■ Required action ■
The lines below from the one with "进入阿里 ACR 镜像仓库查看,以及自动创建对应服务的镜像仓库" up to and including the one with "La Crema Beelift" are what you should set down, exactly and without pictures.

■ Excerpted records ■
━━━━

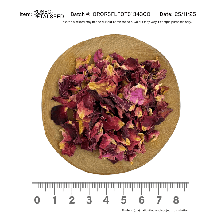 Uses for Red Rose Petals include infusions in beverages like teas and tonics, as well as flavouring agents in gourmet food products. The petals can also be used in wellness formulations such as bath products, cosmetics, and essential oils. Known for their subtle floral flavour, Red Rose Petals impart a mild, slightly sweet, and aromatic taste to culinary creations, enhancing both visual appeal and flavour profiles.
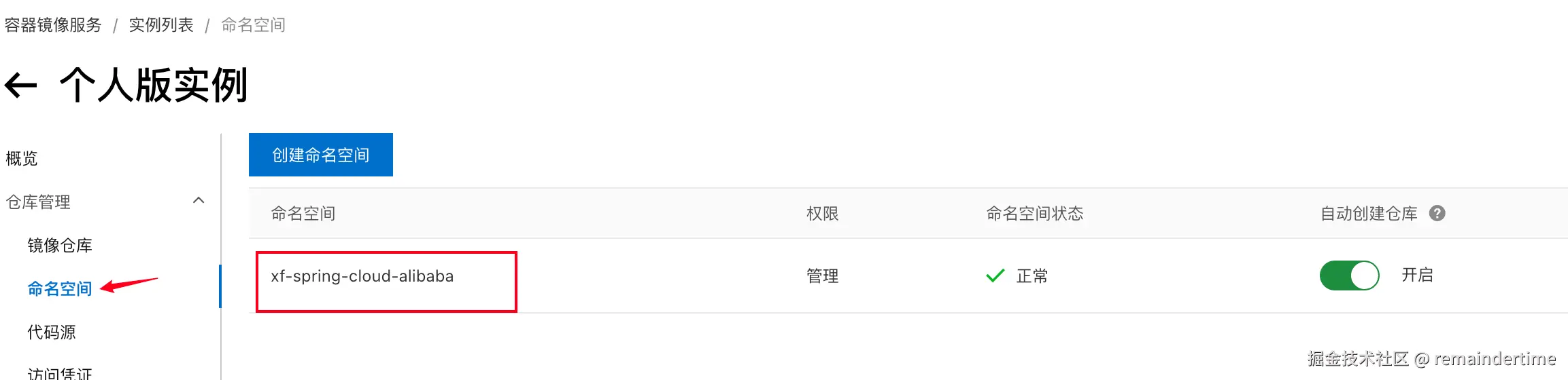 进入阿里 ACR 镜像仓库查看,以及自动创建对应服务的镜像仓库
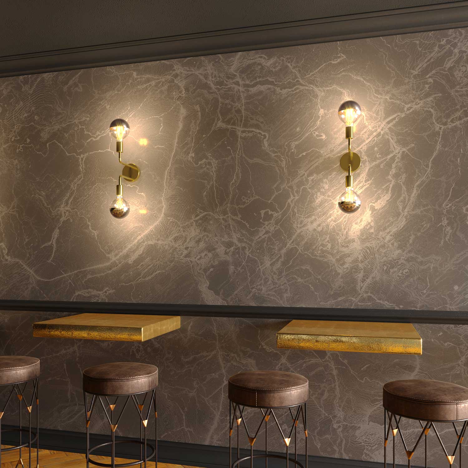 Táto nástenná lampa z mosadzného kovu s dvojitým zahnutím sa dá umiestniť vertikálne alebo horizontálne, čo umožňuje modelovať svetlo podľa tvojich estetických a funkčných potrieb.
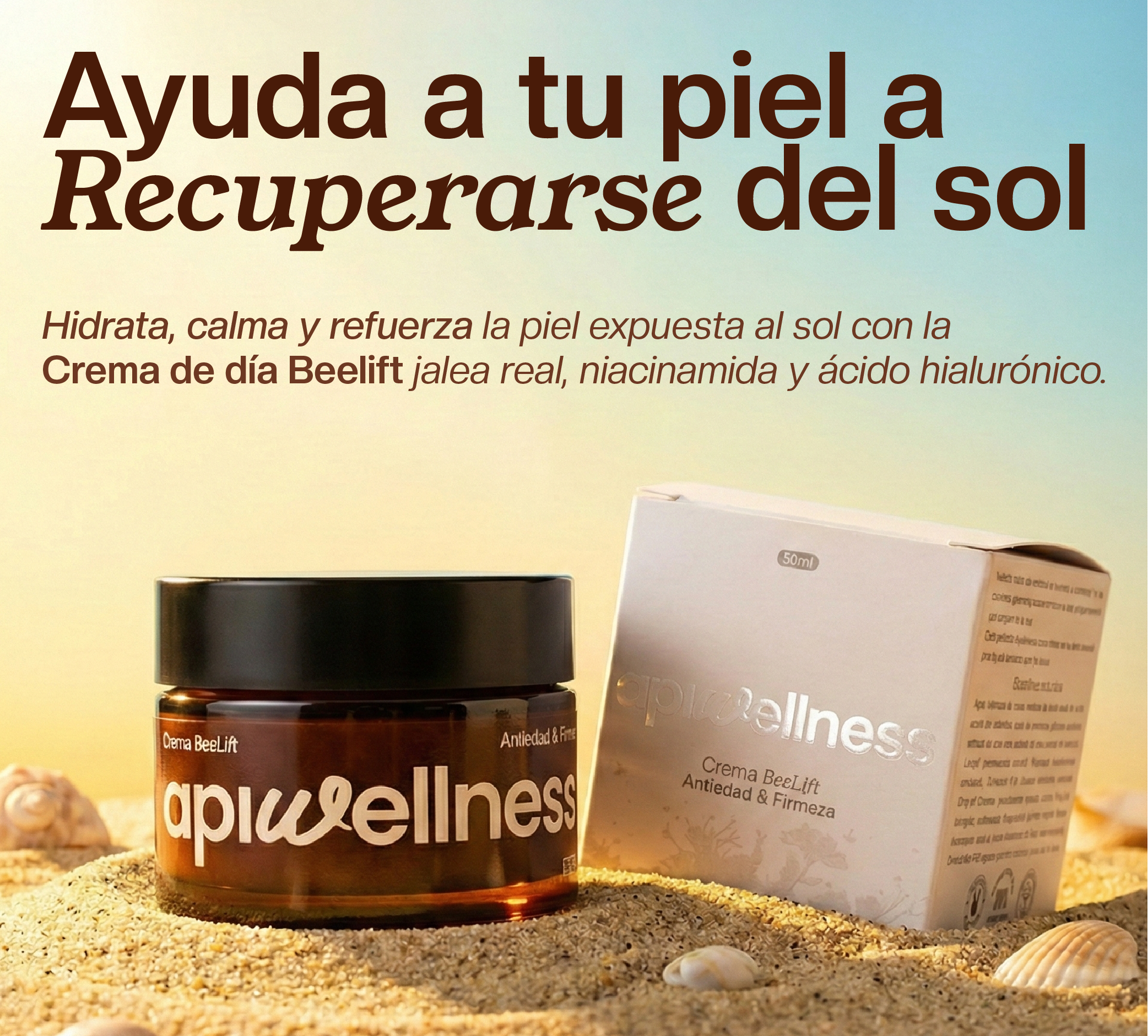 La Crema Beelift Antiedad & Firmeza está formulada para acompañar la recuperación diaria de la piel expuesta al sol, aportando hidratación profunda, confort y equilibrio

━━━━

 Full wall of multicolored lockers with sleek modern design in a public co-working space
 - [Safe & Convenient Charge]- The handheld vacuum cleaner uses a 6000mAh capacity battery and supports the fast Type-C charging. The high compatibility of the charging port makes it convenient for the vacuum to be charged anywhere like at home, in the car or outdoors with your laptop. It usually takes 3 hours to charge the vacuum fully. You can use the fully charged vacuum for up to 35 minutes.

━━━━

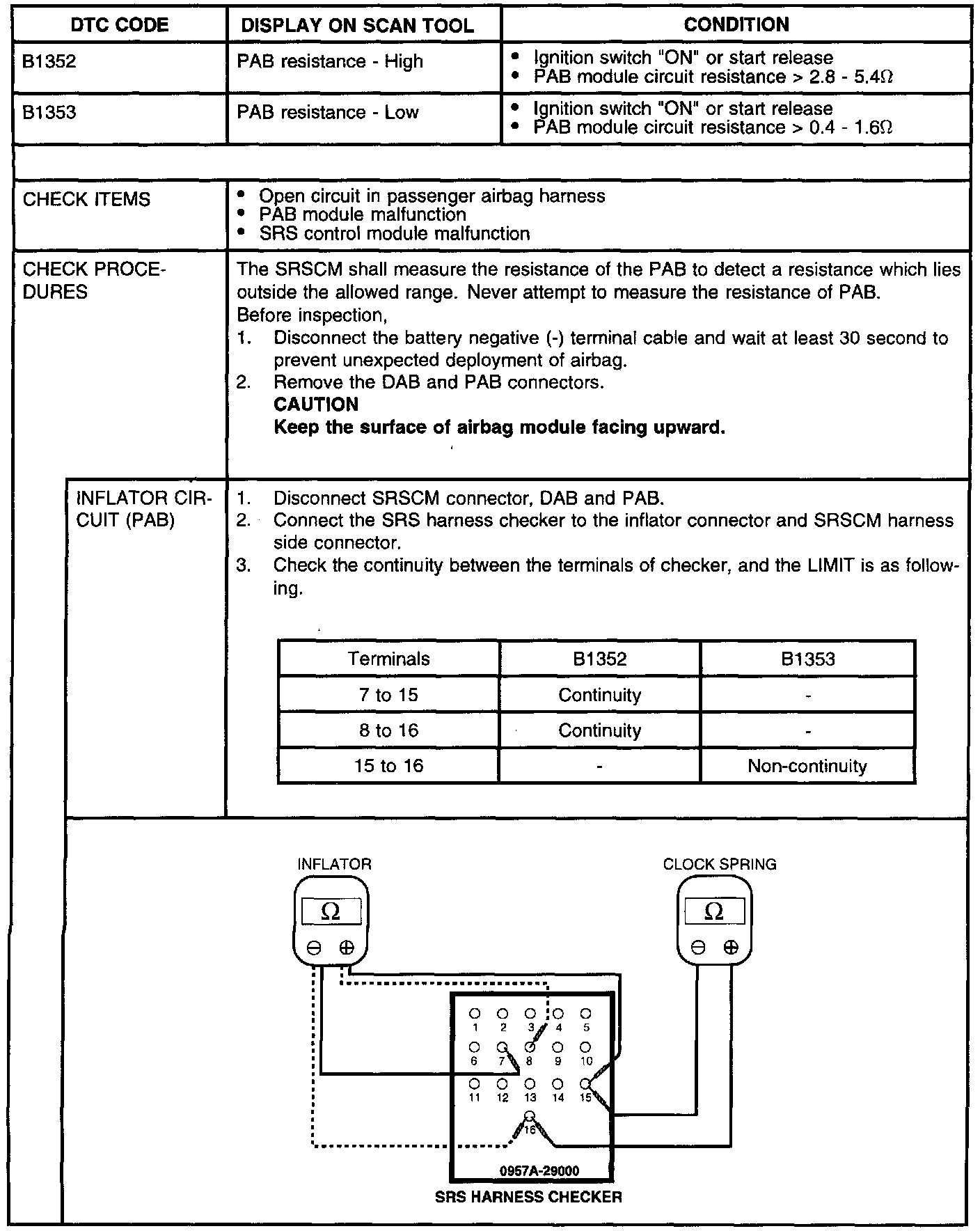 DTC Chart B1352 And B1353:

━━━━

■ Result of the task ■
 进入阿里 ACR 镜像仓库查看,以及自动创建对应服务的镜像仓库
 Táto nástenná lampa z mosadzného kovu s dvojitým zahnutím sa dá umiestniť vertikálne alebo horizontálne, čo umožňuje modelovať svetlo podľa tvojich estetických a funkčných potrieb.
 La Crema Beelift Antiedad & Firmeza está formulada para acompañar la recuperación diaria de la piel expuesta al sol, aportando hidratación profunda, confort y equilibrio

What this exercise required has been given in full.